» **MATERIAL FOR THE TASK**
○ ○ ○

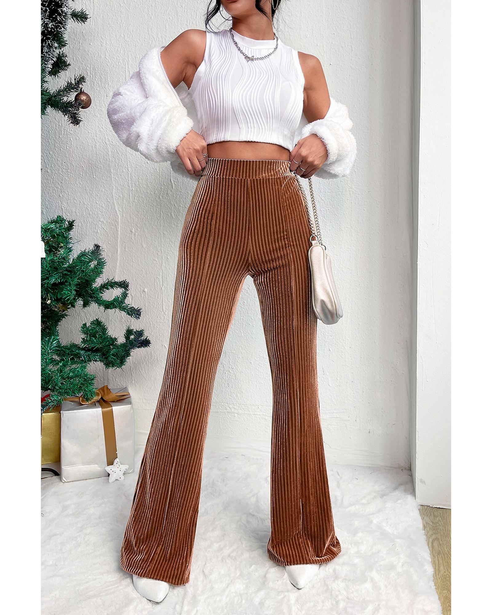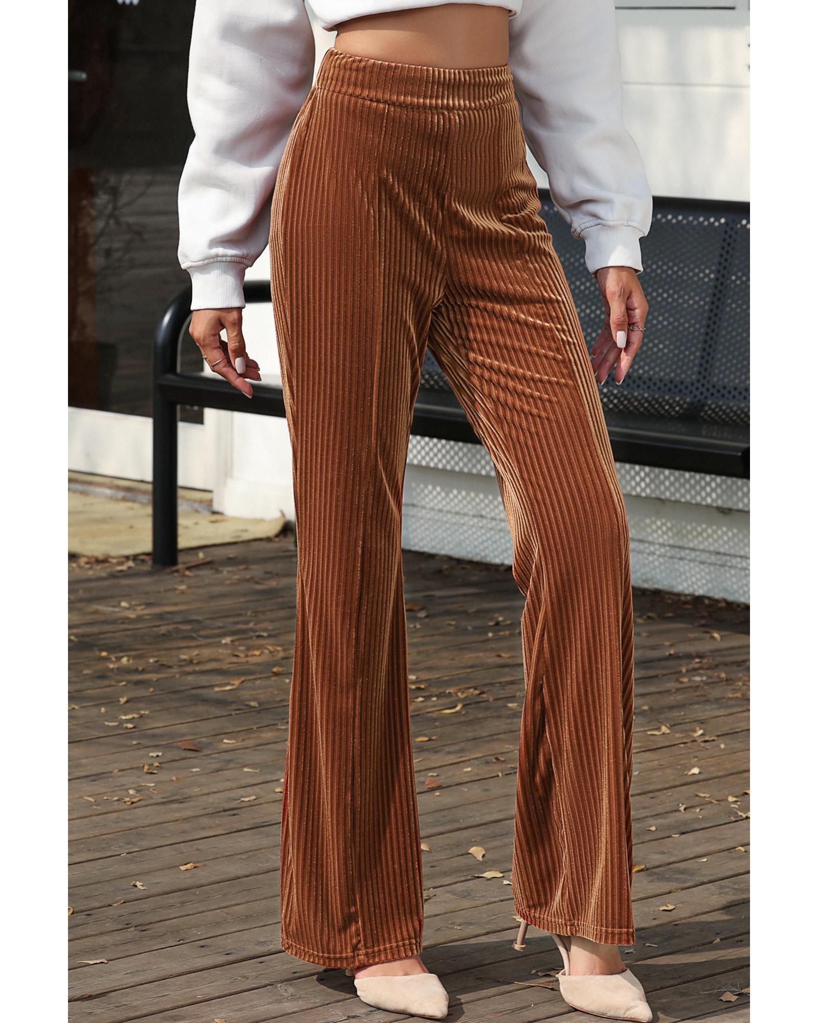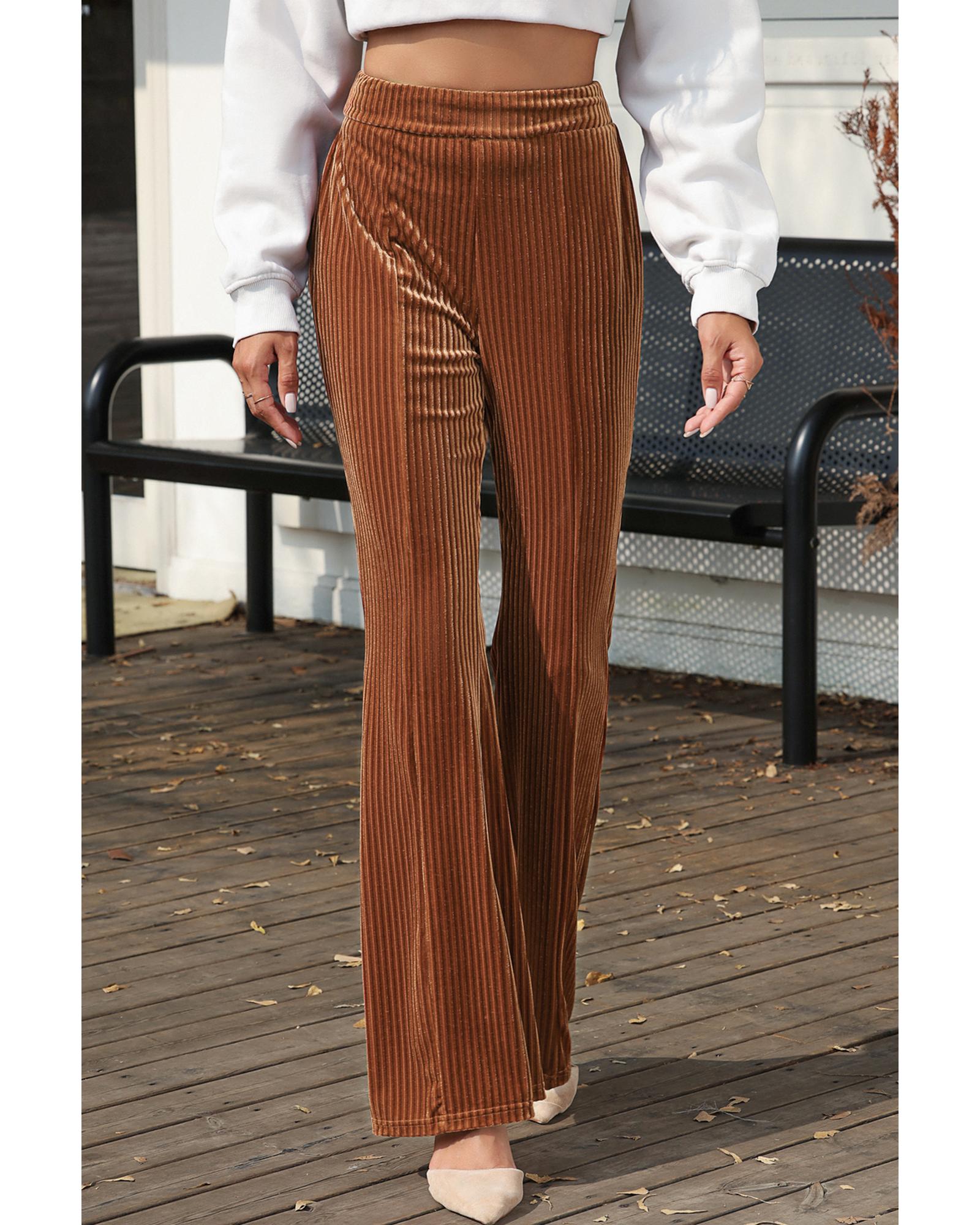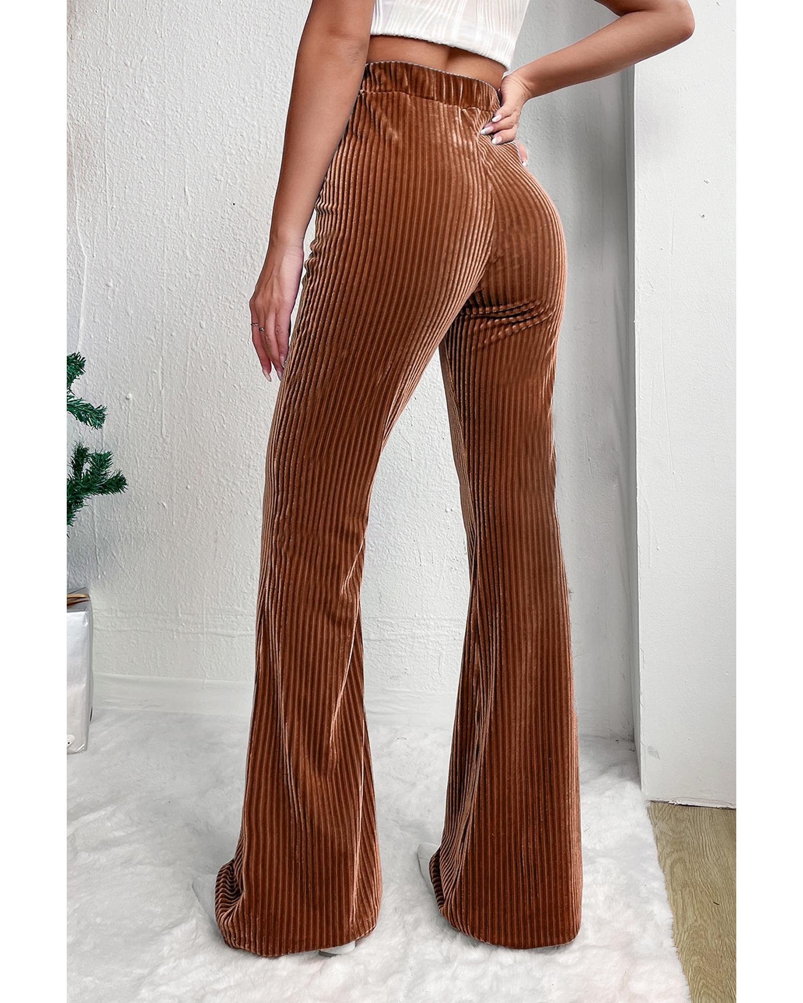 Chestnut Solid Color High Waist Flare Corduroy Pants – S
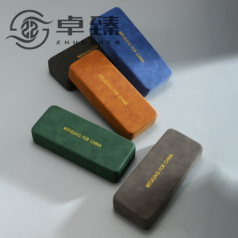 女の子用メガネケース、ポータブル、シンプルなレザー、耐圧、レトロ近視アイボックス、サングラスケース、男の子用、ロゴ印刷可能
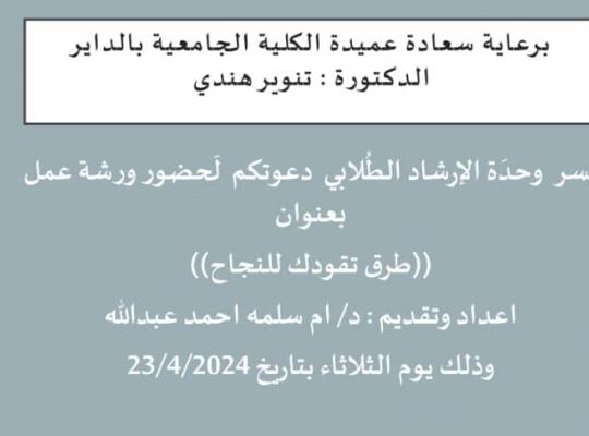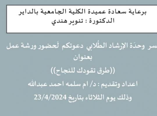 ضمن الخطة التنفيذية لعمادة شؤون الطلاب وتحت رعاية سعادة عميدة الكلية الجامعية بمحافظة الداير الدكتورة تنوير احمد هندي قدمت وحدة الارشاد الطلابي بالكلية الجامعية بالداير ورشة عمل بعنوان (طرق تقودك لتحصيل دراسي فعال) وذلك يوم الثلاثاء الموافق 22/4
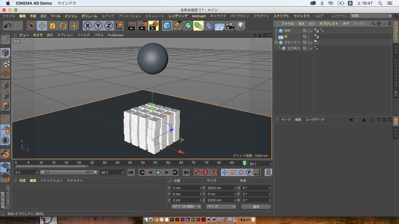 こちらのチュートリアル動画の開始26分前後の、cinema4Dで球体が落下するアニメーションなのですが、2枚目の画像のようにクローナーが崩れてしまうだけになります。解決策を教えていだたきたいです。よろしくお願い致します。
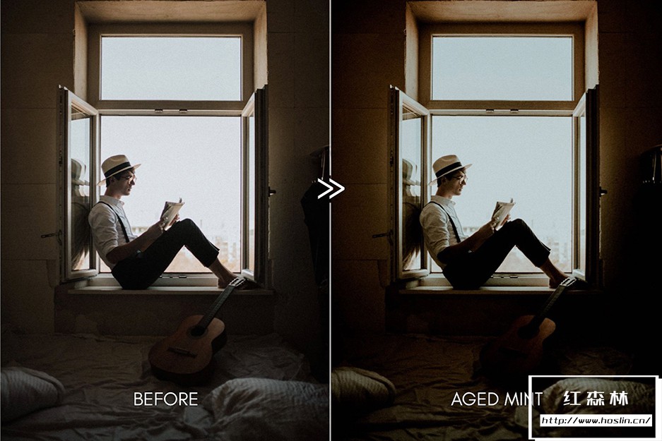 - AGED MINT – 复古凉爽的绿色预设,带有温暖的电影底色
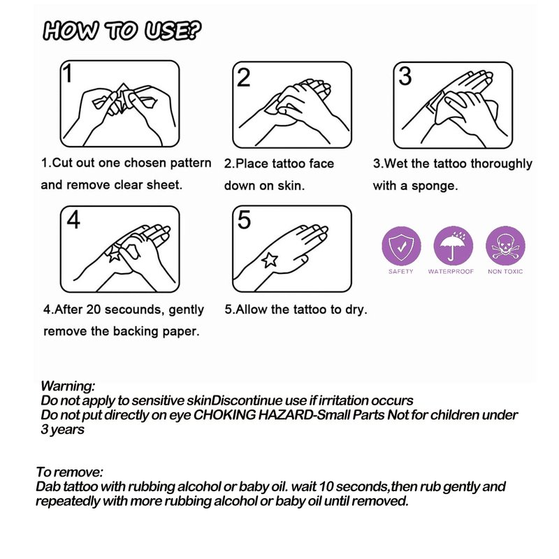 - EASY TO APPLY--Fear for the pain? No worry any more. Our fashion temporary tattoos is easy to use. First, Wipe your skin clean, Then stick the pattern face down on the skin then cover with wet sponge for 20-30 seconds, and uncover the back paper, you will get a perfect tattoo! And it can be easily removed with alcohol or baby oil.
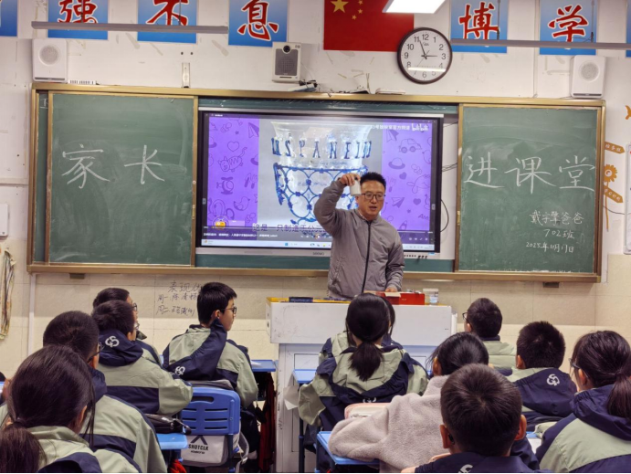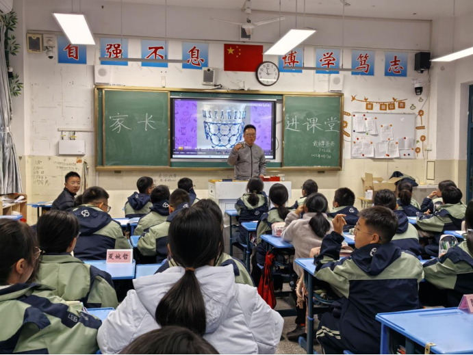为进一步加强家校合作,充分发挥家长的优势,丰富学校的教育资源,拓宽孩子们的视野。2025年11月17日七(2)班学生戴宇擎的家长——戴磊,为同学们带来了一场题为《玻璃的历史》的精彩讲座。戴磊以其独特的职业视角和生动讲述,引领同学们进行了一场奇妙探索,现场反响热烈。
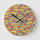Yellow School Bus Stop Sign Traffic Lights Pattern Round Clock
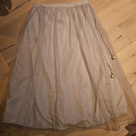 Selger et fint brukt skjørt fra samsøe samsøe. Strikk i livet, i fargen beige/hvit.
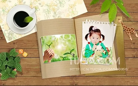 把这张素材图与我的另一张宝贝照片完美合并,使宝贝出现在书页空白处。

○ ○ ○

» **TRY IT**
Please print all the entries exactly as written, but drop the pictures.

» **REPLY**
 Chestnut Solid Color High Waist Flare Corduroy Pants – S
 女の子用メガネケース、ポータブル、シンプルなレザー、耐圧、レトロ近視アイボックス、サングラスケース、男の子用、ロゴ印刷可能
 ضمن الخطة التنفيذية لعمادة شؤون الطلاب وتحت رعاية سعادة عميدة الكلية الجامعية بمحافظة الداير الدكتورة تنوير احمد هندي قدمت وحدة الارشاد الطلابي بالكلية الجامعية بالداير ورشة عمل بعنوان (طرق تقودك لتحصيل دراسي فعال) وذلك يوم الثلاثاء الموافق 22/4
 こちらのチュートリアル動画の開始26分前後の、cinema4Dで球体が落下するアニメーションなのですが、2枚目の画像のようにクローナーが崩れてしまうだけになります。解決策を教えていだたきたいです。よろしくお願い致します。
 - AGED MINT – 复古凉爽的绿色预设,带有温暖的电影底色
 - EASY TO APPLY--Fear for the pain? No worry any more. Our fashion temporary tattoos is easy to use. First, Wipe your skin clean, Then stick the pattern face down on the skin then cover with wet sponge for 20-30 seconds, and uncover the back paper, you will get a perfect tattoo! And it can be easily removed with alcohol or baby oil.
为进一步加强家校合作,充分发挥家长的优势,丰富学校的教育资源,拓宽孩子们的视野。2025年11月17日七(2)班学生戴宇擎的家长——戴磊,为同学们带来了一场题为《玻璃的历史》的精彩讲座。戴磊以其独特的职业视角和生动讲述,引领同学们进行了一场奇妙探索,现场反响热烈。
Yellow School Bus Stop Sign Traffic Lights Pattern Round Clock
 Selger et fint brukt skjørt fra samsøe samsøe. Strikk i livet, i fargen beige/hvit.
 把这张素材图与我的另一张宝贝照片完美合并,使宝贝出现在书页空白处。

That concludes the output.